Overview
- Manufacturer: Chrysler (DaimlerChrysler)
- Production: 2001

Body and chassis
- Class: Minivan
- Body style: 4-door minivan
- Platform: Chrysler RS

= Chrysler Natrium =

The Chrysler Natrium was a hybrid fuel cell-type hydrogen vehicle based on the Chrysler Town and Country. It was showcased by Chrysler in 2001.

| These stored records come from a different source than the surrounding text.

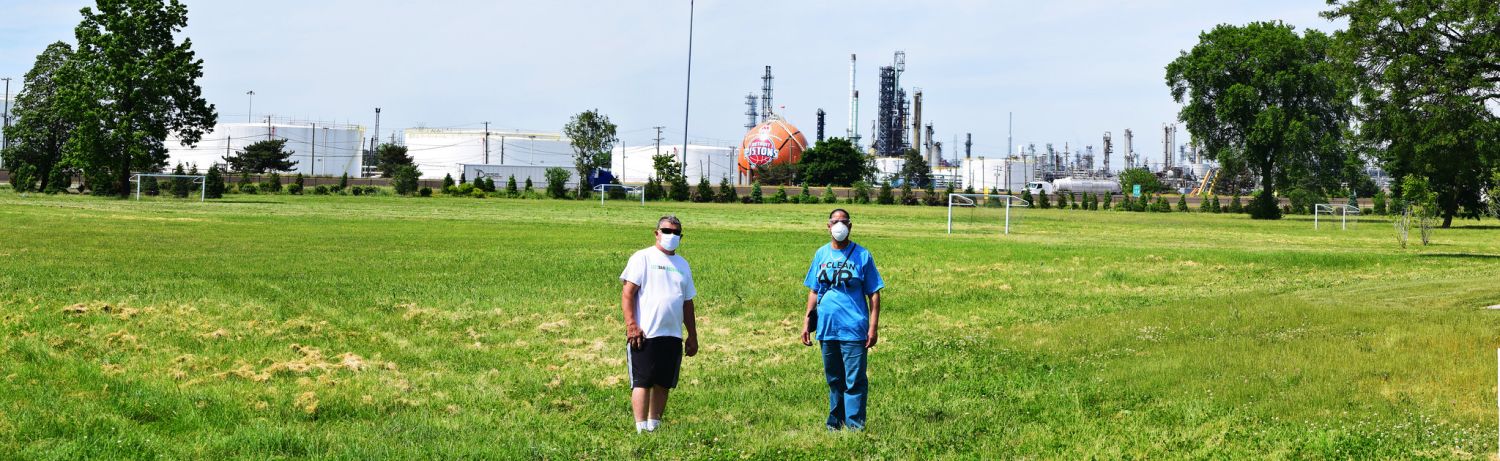 Theresa Landrum and Doug Wood, two environmental justice advocates, stand in front of Marathon Oil’s Refinery in Detroit, Michigan. This facility will not be impacted by the EPA’s updated regulations, but it could supply oil to chemical manufacturers that are. Ted Auch, FracTracker Alliance, 2020.
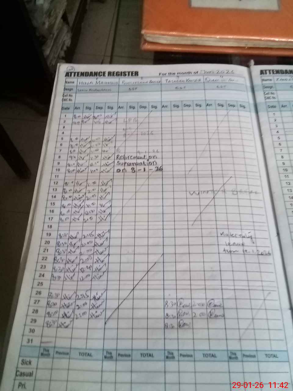 | 00**** | NA**** SH**** | JUNIOR CLERK | Regular | 0 | 31 | 0 | 0 | 0 | 0 | 0 | 0 | 0 | Other |
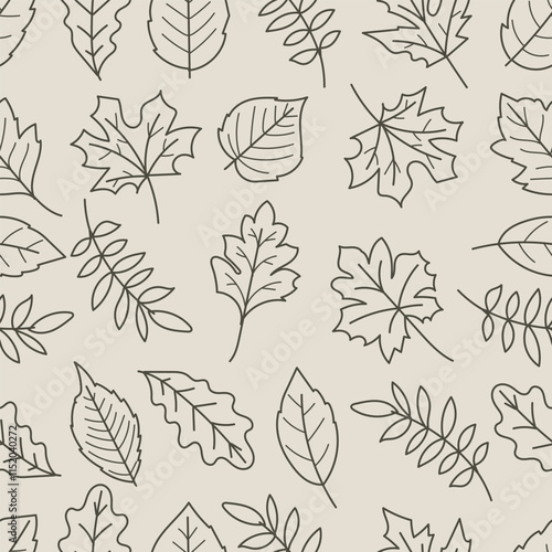 The watermark will not be included on Wall mural.: Seamless pattern of leaves in black line art isolated on brown background
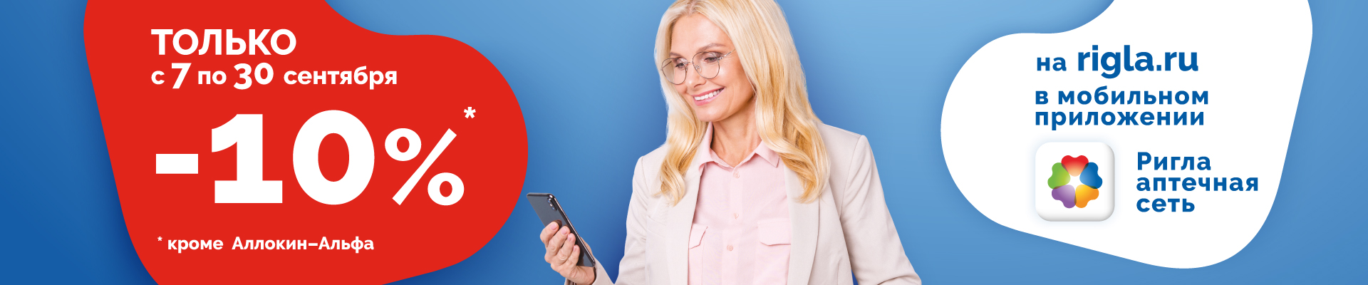 Только с 7 по 30 сентября 2020г. скидка 10% весь ассортимент* на rigla.ru и в мобильном приложении Ригла аптечная сеть.
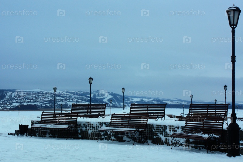 Скамейки на Рождественской площади в Свияжске, Татарстан
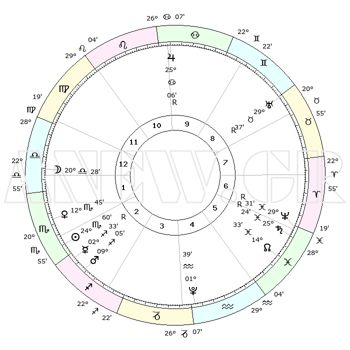 | | ΘΕΣΕΙΣ ΠΛΑΝΗΤΩΝ ΑΣΤΡΟΛΟΓΙΚΟΥ ΧΑΡΤΗ ΤΗΣ ΣΤΙΓΜΗΣ ΑΥΤΗΣ | | | | Πλανήτης | Ζώδιο | Μοίρες | Δεκαήμ. | Σε οίκο | Απόκλιση | | Ακμές των οίκων | | Ηλιος | Σκορπιός | 24°53' | Τρίτο | 3 | 18 S 59 | | 1ος | 22°52' | Παρθένος | | Σελήνη | Ζυγός | 19°15' | Δεύτερο | 2 | 10 S 05 | | 2ος | 18°54' | Ζυγός | | Ερμής | Τοξότης | 02°40'R | Πρώτο | 3 | 21 S 17 | | 3ος | 19°03' | Σκορπιός | | Αφροδίτη | Σκορπιός | 12°37' | Δεύτερο | 2 | 14 S 31 | | 4ος | 21°59' | Τοξότης | | Αρης | Τοξότης | 09°01' | Πρώτο | 3 | 22 S 20 | | 5ος | 25°05' | Αιγόκερως | | Δίας | Καρκίνος | 25°06'R | Τρίτο | 11 | 21 N 14 | | 6ος | 25°48' | Υδροχόος | | Κρόνος | Ιχθείς | 25°24'R | Τρίτο | 7 | 04 S 03 | | 7ος | 22°52' | Ιχθείς | | Ουρανός | Ταύρος | 29°38'R | Τρίτο | 9 | 19 N 52 | | 8ος | 18°54' | Κριός | | Ποσειδώνας | Ιχθείς | 29°31'R | Τρίτο | 7 | 01 S 26 | | 9ος | 19°03' | Ταύρος | | Πλούτωνας | Υδροχόος | 01°39' | Πρώτο | 5 | 23 S 28 | | 10ος | 21°59' | Δίδυμοι | | Β. Δεσμός | Ιχθείς | 14°33' | Δεύτερο | 6 | 06 S 05 | | 11ος | 25°05' | Καρκίνος | | Ωροσκόπος | Παρθένος | 22°52' | Τρίτο | | | 12ος | 25°48' | Λέων | | Μεσουράνημα | Δίδυμοι | 21°59' | Τρίτο | | | |
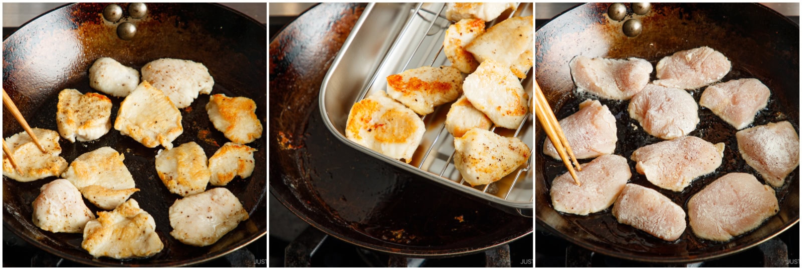 Preheat a large frying pan or carbon steel pan over medium heat. When it's hot, add 1 Tbsp toasted sesame oil. Add the chicken when the oil is hot, leaving space between the pieces. I cooked it in two batches. This allows the air to circulate so they sear nicely. Cover and cook for 3 minutes.
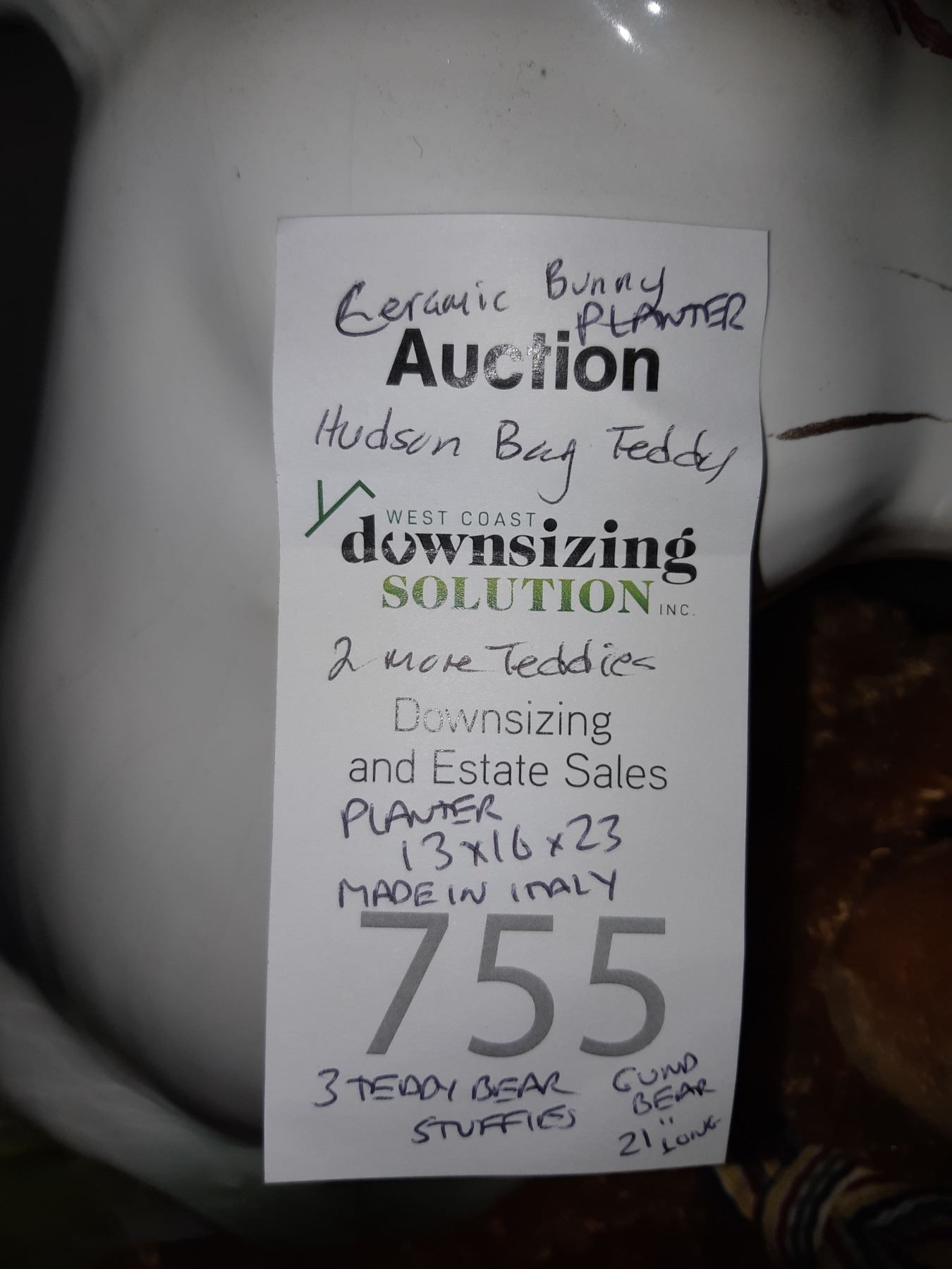 Planter made n Italy, 13x6x23, Gund bear 21 long, Hudson Bay teddy, and others, pickup
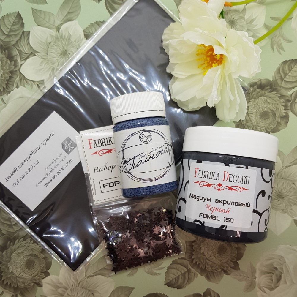 В работах микс-медиа черный цвет часто служит основой композиции. С его помощью художники на полную проявляют фактуру и текстуру используемых декоративных материалов. Воски, топпинги, перламутровые пудры, покрытия со специальными эффектами, гели и пасты для декора заиграют новыми красками на темной основе базового черного цвета. Создать прекрасный темный фон для работ в стиле миксмедиа помогут грунты и гессо в черном цвете, например, от таких производителей, как ScrapEgo или Фабрика Декора.
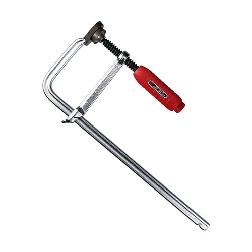 接着作業、溶接作業、機械加工、木工加工での材料固定にバーは鍛造製ですので強力で、反りや曲がりに強く丈夫です。首部は長く仕上げてあるので、通常品(80mm)と比べて深い奥行(120mm)まで締め付けが可 |
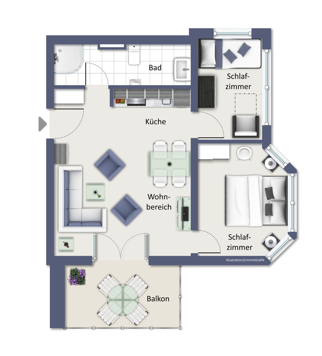 Die Ferienwohnung 41 im Haus 1 des “Dünenschloss” in Kühlungsborn ist eine 3-Zimmer-Wohnung für bis zu 4 Personen.
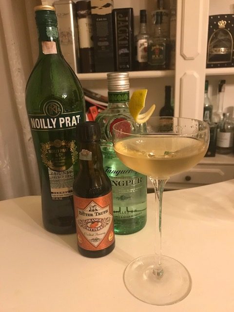 Ovviamente il vermuth rimane dentro al nostro cocktail fino alla fine e non viene buttato, il drink risulta molto più dilatato di un Martini comunemente preparato, aggiungiamo in superficie n°2 gocce di orange bitter senza twist, come riportavano alcune arcaiche versioni del cocktail.
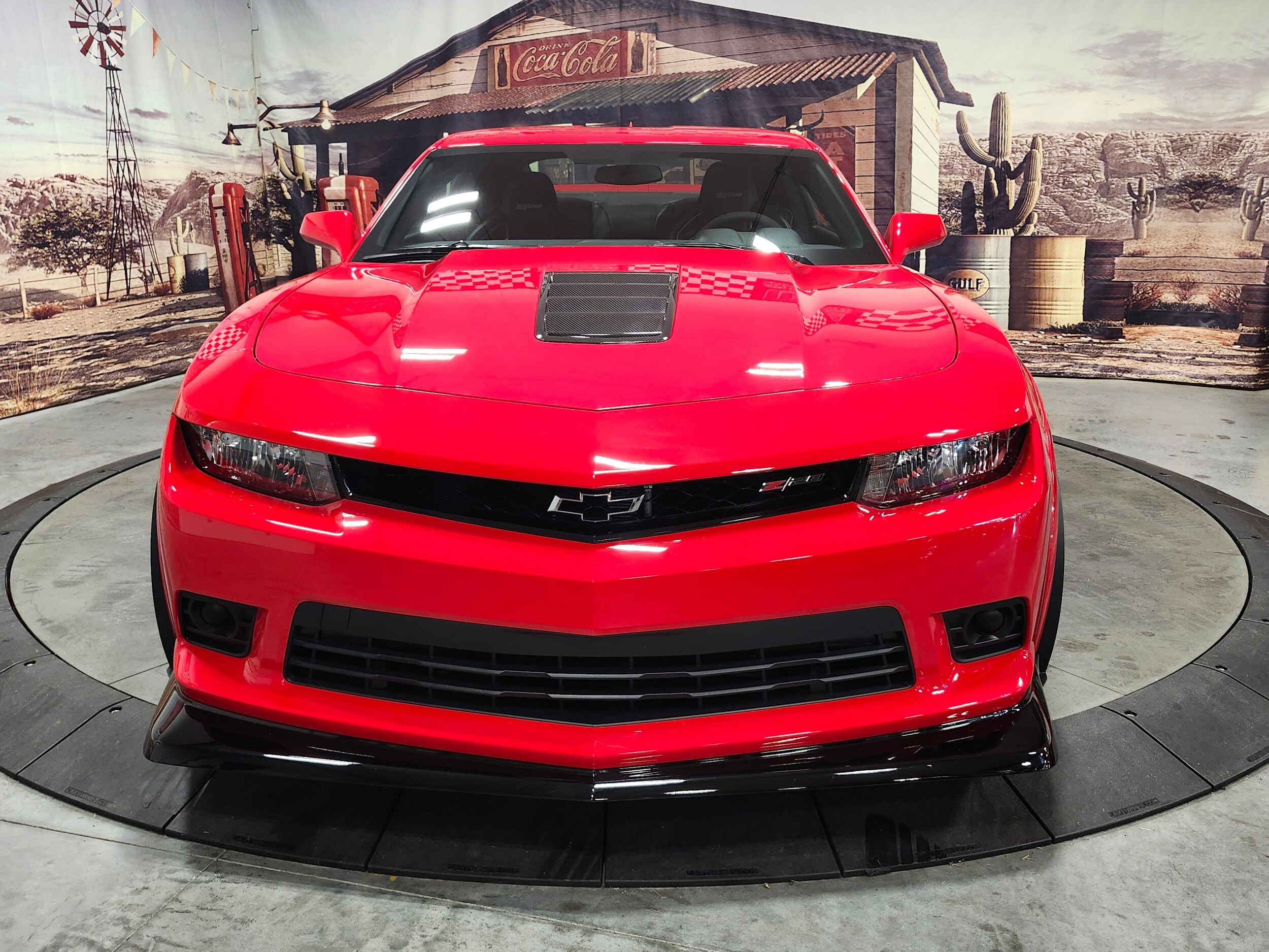 This 2015 Chevrolet Camaro Z/28 with only 118 miles is one of 1,292 examples produced for the model year. This car was awarded to Camilo Pardo, credited as the chief designer for the 2005 and 2006 Ford GT, after winning the Motor City Masters automotive design reality television show. The quarter panels are signed by Camaro designer Tom Peters, the former Vice President of General Motors Global Design Edward Welburn, and former owner Camilo Pardo. Power is provided by a hand-assembled 7.0-liter LS7 V8 mated to a Tremec TR6060 six-speed manual transmission and a 3.91:1 limited-slip differential. The LS7 V8 features a dry-sump lubrication system and was rated at 505 horsepower and 481 lb-ft of torque when new. Black-finished 19 Y-spoke forged alloy wheels are mounted with Perelli P-zero tires measuring 305/30/ZR19. The car is equipped with a fully independent suspension, spool-valve dampers, and Performance Traction Management. Stopping power is provided by Z/28-branded Brembo calipers over two-piece drilled carbon-ceramic rotors. A dual-mode performance exhaust was equipped as standard. The car is finished in Red Hot and features a front splitter, an optional extended decklid spoiler, and an aluminum hood with a vented carbon-fiber insert. The Recaro front sport seats are upholstered in black leather with microfiber suede inserts and feature Z/28 logos embroidered on the headrests. The multifunction steering wheel is wrapped in microfiber suede and frames a 200-mph speedometer, a tachometer, and supplementary gauges. Amenities include air conditioning, aluminum pedals, a CD stereo, a microsuede-wrapped shift knob, and power windows, side mirrors, and door locks. Additional equipment includes daytime running lamps, Z/28 badging, wheel arch extensions, side skirts, and polished quadruple exhaust outlets.

The Natrium was powered by a battery pack and a fuel cell using hydrogen produced by a sodium borohydride reformer inside the car. Because the reactant (sodium borohydride, NaBH_{4}) contained no carbon, the vehicle produced no carbon dioxide. It had a range of 300 mi, similar interior space to a standard van, and could produce 110 or 240 volt alternating current.

== Name ==
"Natrium" is the Latin name of sodium, a salt of which, sodium borohydride, is used in the car's fuel cell.

==Sources==
- V. Hovland, A. Pesaran, R. Mohring, I.Eason, R. Schaller, D. Tran, T. Smith, G. Smith, “Water and Heat Balance in a Fuel Cell Vehicle With a Sodium Borohydride Hydrogen Fuel Processor.” Society of Automotive Engineer Technical paper 2003-01-2271.
- A Schell, H. Peng, D. Tran, E. Stamos, C.C. Lin, M.J. Kim. “Modeling and control strategy development for fuel cell electric vehicles.” Annual Reviews in Control 29 (2005) 159–168.